Barbut Frédéric, Eckert Catherine, Lalande Valérie, Le Neindre Killian, Couturier Jeanne

机构信息

Laboratoire Clostridioides difficile associé au CNR des bactéries anaérobies et du botulisme, hôpital Saint-Antoine, AP-HP, Paris, France - Unité de prévention du risque infectieux, hôpital Saint-Antoine, AP-HP, Paris, France. - Département de bactériologie, hôpital Saint-Antoine, AP-HP, Paris, France.
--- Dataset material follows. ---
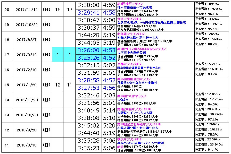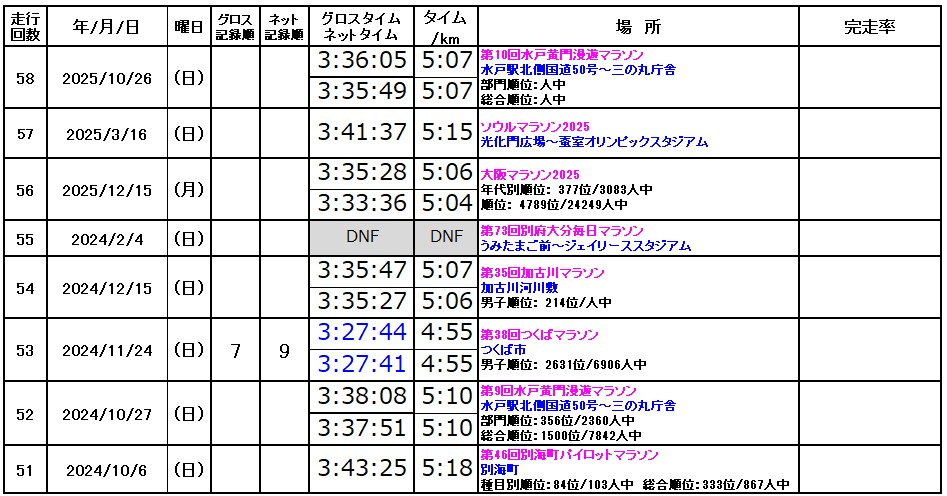 フルマラソン :グロスタイム3時間26分00秒、ネットタイム3時間25分26秒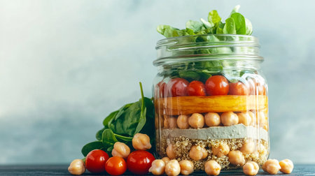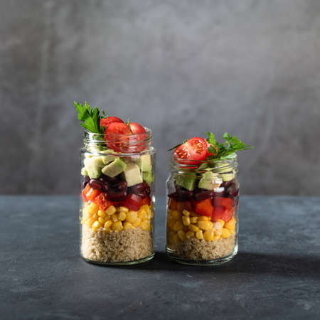 Healthy salad with quinoa, tomato, cucumber, bell pepper and chickpeas in glass jar

Laboratoire Clostridioides difficile associé au CNR des bactéries anaérobies et du botulisme, hôpital Saint-Antoine, AP-HP, Paris, France - Département de bactériologie, hôpital Saint-Antoine, AP-HP, Paris, France.

出版信息

Rev Prat. 2022 Sep;72(7):703-709.

Abstract

UPDATED RECOMMENDATIONS Clostridioides difficile is a spore-forming anaerobic enteropathogen responsible for a wide spectrum of clinical features ranging from mild uncomplicated diarrhoea to severe debilitating disease, toxic megacolon, or even perforation and sometimes death. Risk factors for CDI include age >65 years, previous hospitalization and recent antibiotic therapy. Main virulence factors of C. difficile are toxins A (TcdA) and B (TcdB). The emergence and dissemination of a new hypervirulent strain (027/NAP/BI) in 2005 has stimulated clinical and basic research on C. difficile. Major advances have been made regarding the CDI epidemiology (better recognition of community acquired CDI), diagnosis (molecular tests) and therapy (new drugs such as fidaxomicin, bezlotoxumab, and fecal microbiota transplantation) aspects. These advances have allowed the updating of management recommendations, under the aegis of the European Society of Clinical Microbiology and Infectious Diseases (ESCMID). Antibiotic treatment of CDI depends on both the severity of the infection, and the risk/number of recurrences. Prevention of CDI requires an antimicrobial stewardship policy and the implementation of contact precautions for the infected patients.

摘要

更新后的建议

艰难梭菌是一种形成孢子的厌氧肠道病原体,可导致从轻度单纯性腹泻到严重衰弱性疾病、中毒性巨结肠甚至穿孔,有时还会导致死亡等广泛的临床症状。艰难梭菌感染(CDI)的风险因素包括年龄>65岁、既往住院史和近期抗生素治疗。艰难梭菌的主要毒力因子是毒素A(TcdA)和毒素B(TcdB)。2005年一种新型高毒力菌株(027/NAP/BI)的出现和传播推动了对艰难梭菌的临床和基础研究。在CDI流行病学(更好地认识社区获得性CDI)、诊断(分子检测)和治疗(新型药物如非达霉素、贝佐妥单抗和粪便微生物群移植)方面取得了重大进展。在欧洲临床微生物学和传染病学会(ESCMID)的支持下,这些进展使得管理建议得以更新。CDI的抗生素治疗取决于感染的严重程度以及复发的风险/次数。预防CDI需要抗菌药物管理政策,并对感染患者实施接触预防措施。